The next clue that I found was that the cox, like Jumbo, is wearing an Oxford University Boat Club cap. This means that he is a Blue, who is someone who has competed in the Boat Race beyond the Fulham Wall, the magical point after which a Blue is (usually) awarded. A quick search of the records show that, in the ten years before Jumbo’s death, a Blue only coxed in the boat Races of 1963, 1965 and 1970. I think the length of hair alone rules out 1963 and 1965 (we must remember that, for most people, ‘the 60s’ started in the 1970s), also Pathe shot in black and white in those years. Firmer evidence is with this film of the 1965 Boat Race which shows a different crew to the one we are interested in.

So is this the 1970 crew? Pathe provides us with some evidence for this. It has film from that year showing Jumbo and a trial crew in the ‘octolog’ (or should it be ‘octologue’?) practising at Henley (the newsreel sees it as something revolutionary but American crews had used such craft for a long time).
The picture below shows two of the ‘octo’ crew who, to me, look like the ‘4’ and the ‘7’ men in the crew shown in the film that we are investigating.

The Oxford crew that raced Cambridge on 28 March 1970 were: R J D Gee (Bow), J K G Dart (2), D M Higgs (3), S E Wilmer (4), F J L Dale (5), A J Hall (6), N D C Tee (7), W R C Lonsdale (Str.), A T Calvert (Cox).
Chris Dodd’s The Oxford and Cambridge Boat Race (1983) notes that:
In the autumn of 1969 [Oxford] were coached by Jumbo and Jumbo men and spent hours in the octologue ‘learning about getting bell notes at the catch’ (from the Fairbairn bible) and Moriarty (from the Jumbo book on how to recover at the end of a stroke…. as applied by Sherlock Holmes to pitch Professor Moriarty off the ledge above Richenbach Falls while recovering his own balance).

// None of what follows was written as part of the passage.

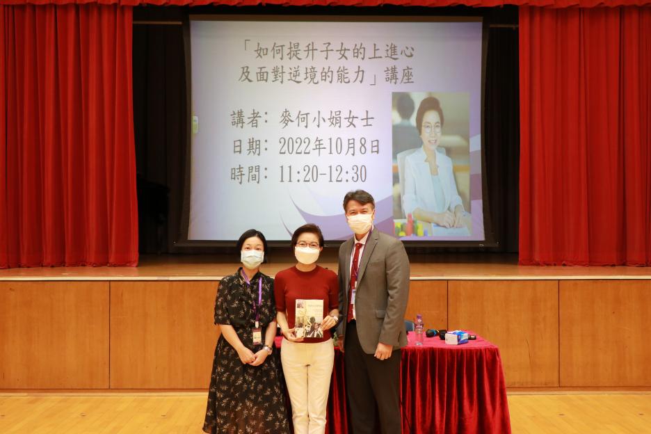 學校有幸邀請到「十優港姐」麥明詩媽媽——麥何小娟女士到校為我們分享「如何提升子女的上進心及面對逆境的能力」。

The ‘Blue cox’ theory does make a rather dangerous assumption – that this is much the final crew and the cox in the film was not just sitting in for training or was still trialing for a place. That this is the crew that eventually met Cambridge is supported by the fact that everyone is wearing what looks like OUBC kit. In cash strapped pre-sponsorship days I would imagine that such things were not liberally handed out and that your place had to be fairly certain before dark blue vests were issued. The film was not shot on the Tideway so it was not taken in the ‘Putney Week’ (or fortnight) before the Boat Race.
Of course, the easiest thing would be to produce a picture of Oxford’s 1970 crew. No doubt some exist but it is easier to find photographs of crews from late Victorian times or the 1920s and 1930s than from the 1960s and 1970s when popular coverage of the event dropped off dramatically from what it had been. It took the coming of sponsorship in the late 1970s and its associated increased professionalism in marketing the race to make some improvement to this. The only consolation to those who rowed in those underreported years of the 1970s was that their embarrassing hairstyles go largely unrecorded.